Thursday 20 May 2010

Floating Islands

My main reason for being in Puno is to catch the train out of here. But as well as that, there are the floating islands, a few Inca sites and the town itself, which is apparently rather pleasant.

Unfortunately for me, shortly after arriving yesterday, I succumbed to an unusually violent and prolonged attack of the shits. During the night it was accompanied by some truly spectacular vomiting. I was cold, depressed, afraid and alone. It was the furthest I've felt from home since I left. I had been looking forward to a busy day of sight seeing today, snapping away at my leisure. Now it seems my enduring memory of Puno will be this image;

Thanks to the Loperamide, I was able to get through the morning in one piece, though admittedly without leaving my bed. I signed up for a tour to the islands leaving at 4pm, and decided to have a scope around town in the meantime. I popped over to the pharmacy to stock up on preventative measures, but found the sun and the heat too much, so retreated once more.

By half three, when they came to get me for the tour, the day itself had taken a turn for the worse. Gone were the clear skies and bright sunlight. Now it was cold, windy and dark. Not exactly perfect conditions for what I had in mind.

About 2,000 Uros people still live on the famous floating islands. The islands themselves are made of layers of reeds, anchored to the lake bed with ropes and sticks. They need constant replenishing as the reeds underneath rot away. Their houses are made of reeds, their boats too. They even eat the stuff.

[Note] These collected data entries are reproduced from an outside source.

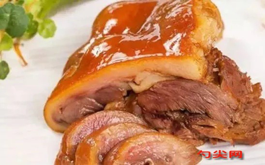 工藝:(1)選料與處理:選用符合衛生檢驗要求的新鮮豬頭作加工原料,把豬頭徹底刮凈豬頭表面、臉溝、耳根等處的毛污和泥垢,拔凈余毛和毛根。將豬面部朝下放在砧板上,從后腦中間劈開,挖取豬腦,剔去頭骨,割下兩耳,去掉眼圈、鼻子;取出口條,用富磷聯B浸泡5-8小時,撈出,洗凈,瀝去水分。。加入精鹽、醬油、白糖、紹酒、蔥段、姜片,用潔凈紗布袋把花椒、大料、桂皮、草果、沙姜、丁香、豆莞、甘草、小茴香裝起,扎好口,放入鍋內燒沸,改用小火熬約40分鐘。待各種香料充分出味后,放入煮過、洗凈的豬頭肉,燒沸,改用小火煮約3小時,待豬頭肉熟爛,撈起冷卻。(3)將鹵好的豬頭肉取出,抹上麻油,以保持油潤,食用時切片裝盤,澆上少許鹵汁即成。特點:肉色紅潤,質地軟嫩,鹵味濃郁,醉香味美。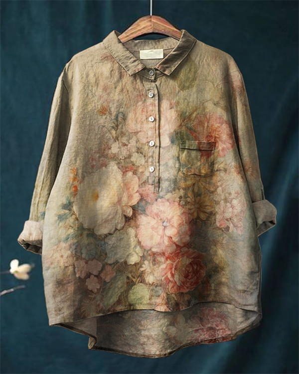 Vintage Floral Print Casual Cotton and Linen Shirt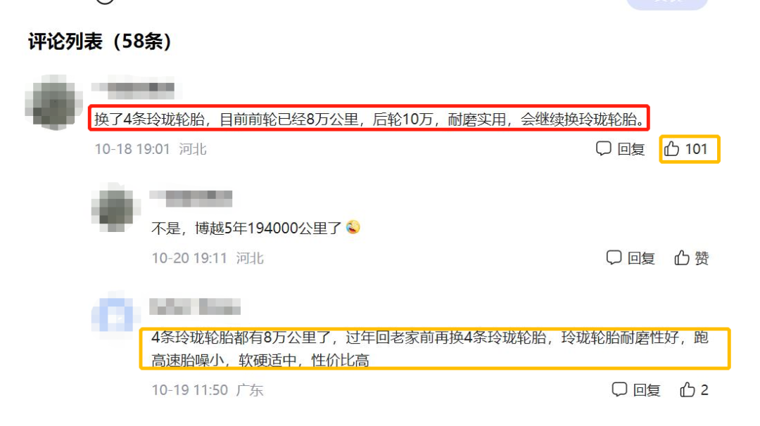 针对这条评论,另一位车友也跟随评论称,自己也更换了4条玲珑轮胎,行驶里程8万公里,过年回老家更换4条玲珑轮胎。玲珑轮胎在高速行驶时耐磨性好,轮胎噪音小,软硬适中,性价比高。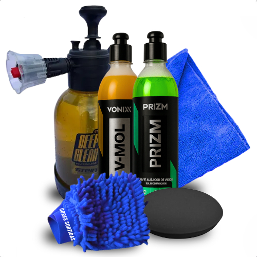 Kit de Limpeza Automotiva Vonixx Snow Foam Luva de Microfibra Vfloc Vmol Tok Final Prizm Snow Foam Flanela Aplicador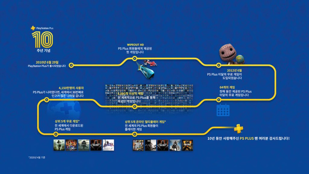 최초 제공된 PS Plus 무료 게임 WipeOutHD부터, 지난 10년 동안 PS Plus 회원들에게 제공된 1000개가 넘는 게임들까지, 지난 몇 년간 PS Plus의 성장을 확인하는 건 정말 멋진 일입니다. 추억을 되짚으며, 지난 10년간의 PS Plus 간단한 인포그래픽을 보여드리고자 합니다. 다시 한 번 여러분께 감사드리며, 앞으로도 많은 관심과 사랑 부탁드립니다!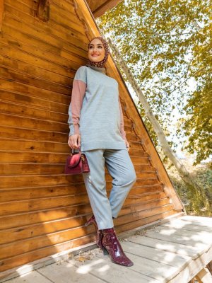Tavin Gri Kolu Renk Detaylı Boğazlı Triko Tunik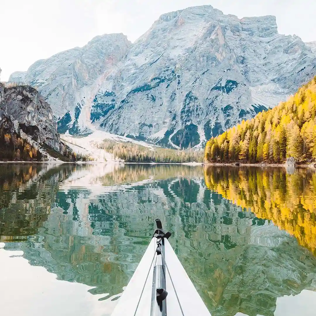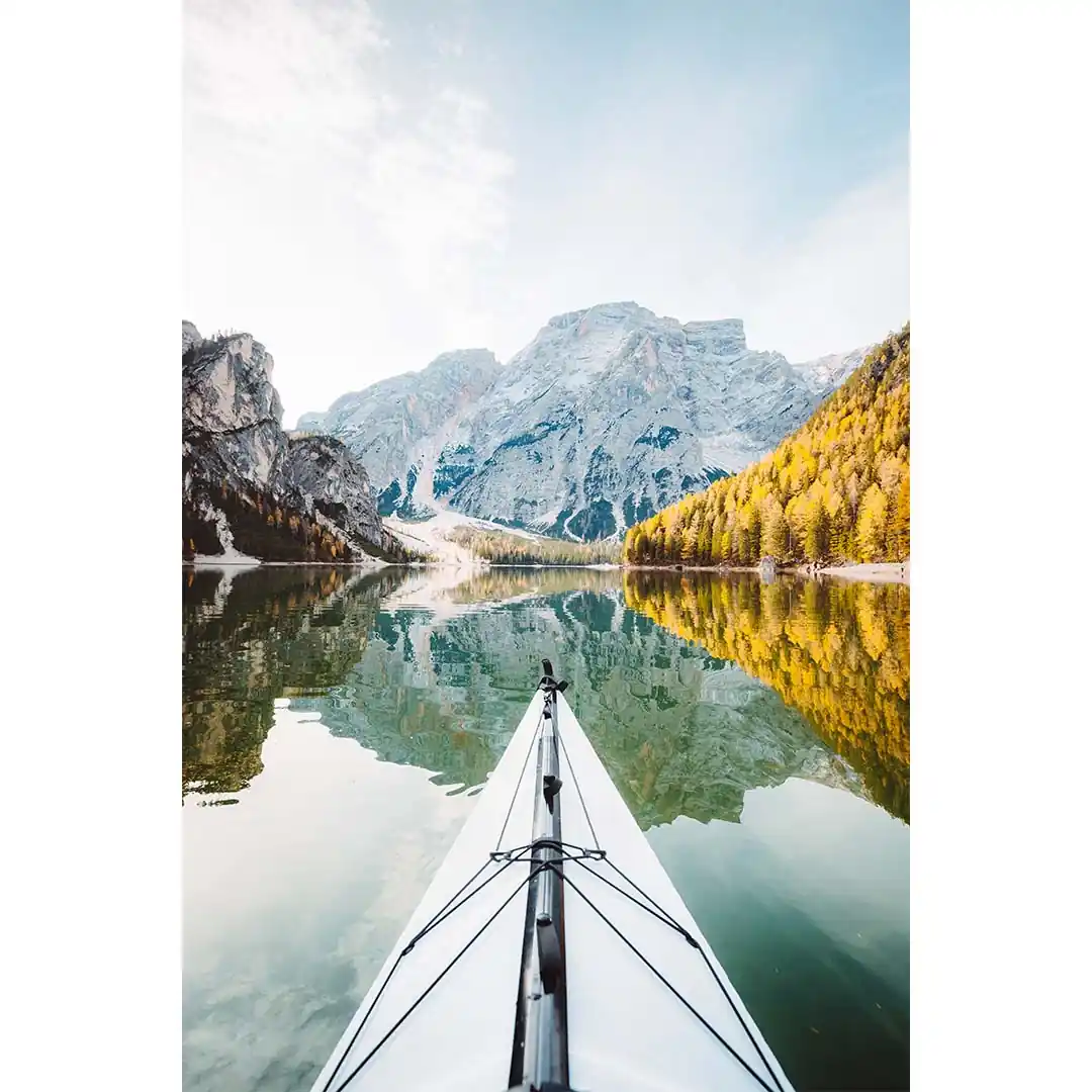Obraz na szkle - Wyprawa życia - Góry, Kajak, Jezioro, Natura, Krajobraz,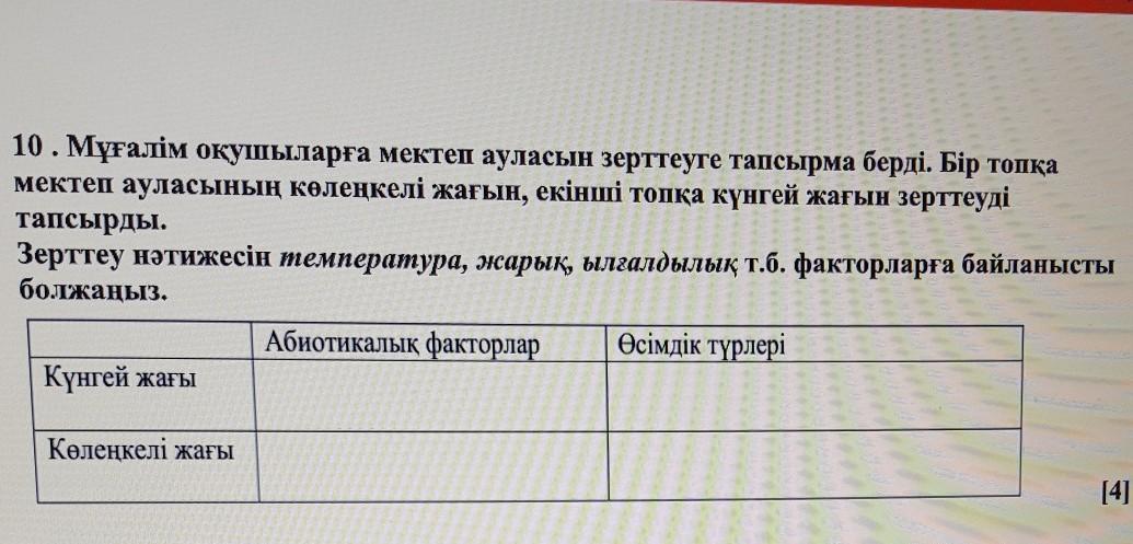 Көлеңкелі жағы Абиот. фактор температура төмен жарық аз ылғалдық жоғары.

There are a few issues with the Uros and the impact of tourism. We are invited into a house on one of the islands and flogged some hand woven fabrics (how can we resist)? The men of the village are struggling to secure one of the anchors in the wind. We rush out and help, tug of war style. Meanwhile it has begun pissing it down. Taking pictures is impossible in these conditions. And I can't photograph the people because they're all inside their crazy little houses.

It is a remarkable way of life and an incredible place. I can't help but wish I'd been able to come out earlier in the day when it was nicer, but I guess God had other plans. Having consumed nothing more than a powerade, some pringles and a small packet of boiled sweets in the last thirty hours, I'm kind of hoping he lays off of me tonight.